Гончаров пошел еще дальше по этому опасному пути. Критики видели в "Обломове" сатиру, поучение. Но роман Гончарова страшнее всякой сатиры. Для самого поэта 'в этом художественном синтезе русского бессилия и "неделания" нет ни похвалы, ни порицания, а есть только полная правдивость, изображение русской действительности. В свои лучшие минуты Обломов, книжный мечтатель, неспособный к слишком грубой человеческой жизни, с младенческой ясностью и целомудрием своего глубокого и простого сердца, окружен таким же ореолом тихой поэзии, как "живые мощи" Тургенева. Гончаров, может быть, и хотел бы, но не умеет быть несправедливым к Обломову, потому что он его любит, он, наверное, хочет, но не умеет быть справедливым к Штольцу, потому что он втайне его ненавидит. Немец-герой (создать русского героя он и не пытается - до такой степени подобное явление кажется ему противоестественным) выходит мертвым и холодным. Искусство обнаруживает то сокровенное, что поэт чувствует, не смея выразить: не в тысячу ли раз благороднее отречение от жестокой жизни милого героя русской лени, чем прозаическая суета героя немецкой деловитости? От Наполеона, Байрона, Медного Всадника - до маленького, буржуазного немца, до неуклюжего семинариста, уездного демона-искусителя Марка Волохова, - какая печальная метаморфоза пушкинского полубога!
Но это еще не последняя ступень. Гоголь, Тургенев, Гончаров кажутся писателями, полными уравновешенности и здоровья по сравнению с Достоевским и Львом Толстым. Без того уже захудалые и полумертвые русские герои, русские сильные люди - Базаров и Марк Волохов - оживут еще раз в лице Раскольникова, Ивана Карамазова, в уродливых видениях "бесов", чтобы подвергнуться последней казни, самой утонченной адской пытке в страшных руках этого демона жалости и мучительства, великого инквизитора - Достоевского.

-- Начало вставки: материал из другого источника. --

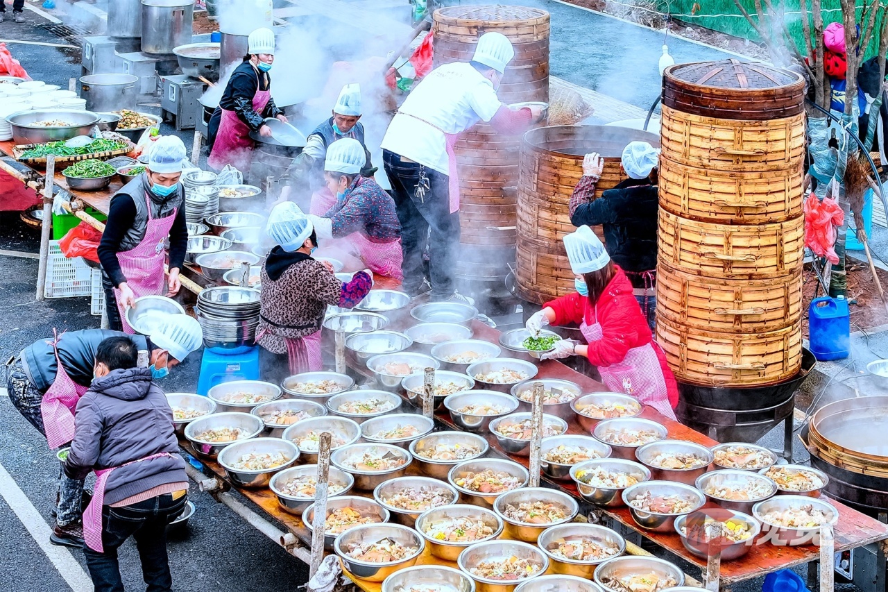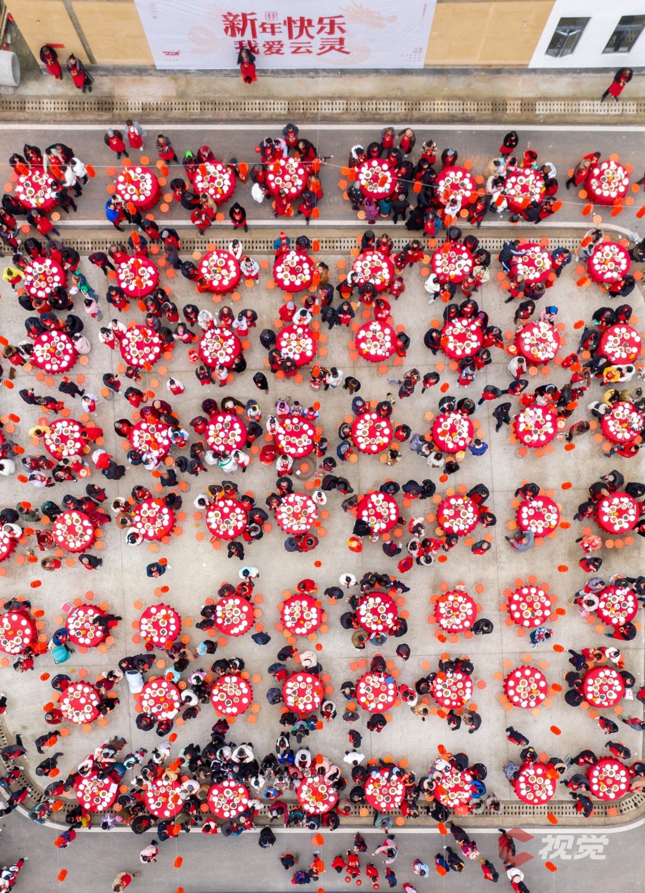 宜宾市长宁县长宁镇洪谟社区紫竹小区,130户居民欢聚一堂,吃坝坝宴,共叙邻里情,喜迎龙年新春。

Насколько он сильнее и правдивее Тургенева и Гончарова! Достоевский не скрывает своей дисгармонии, не обманывает ни себя, ни читателя, не делает тщетных попыток восстановить нарушенное равновесие пушкинской формы. А между тем он ценит и понимает гармонию Пушкина проникновеннее, чем Тургенев и Гончаров, - он любит Пушкина, как самое недостижимое, самое противоположное своей природе, как смертельно больной - здоровье, - любит и уж более не стремится к нему.
Литературную форму эпоса автор "Братьев Карамазовых" уродует, насилует, превращает в орудие психологической пытки. Трудно поверить, что язык, который еще обладает весеннею свежестью и целомудренной ясностью у Пушкина, так переродился, чтобы служить для изображения мрачных кошмаров Достоевского.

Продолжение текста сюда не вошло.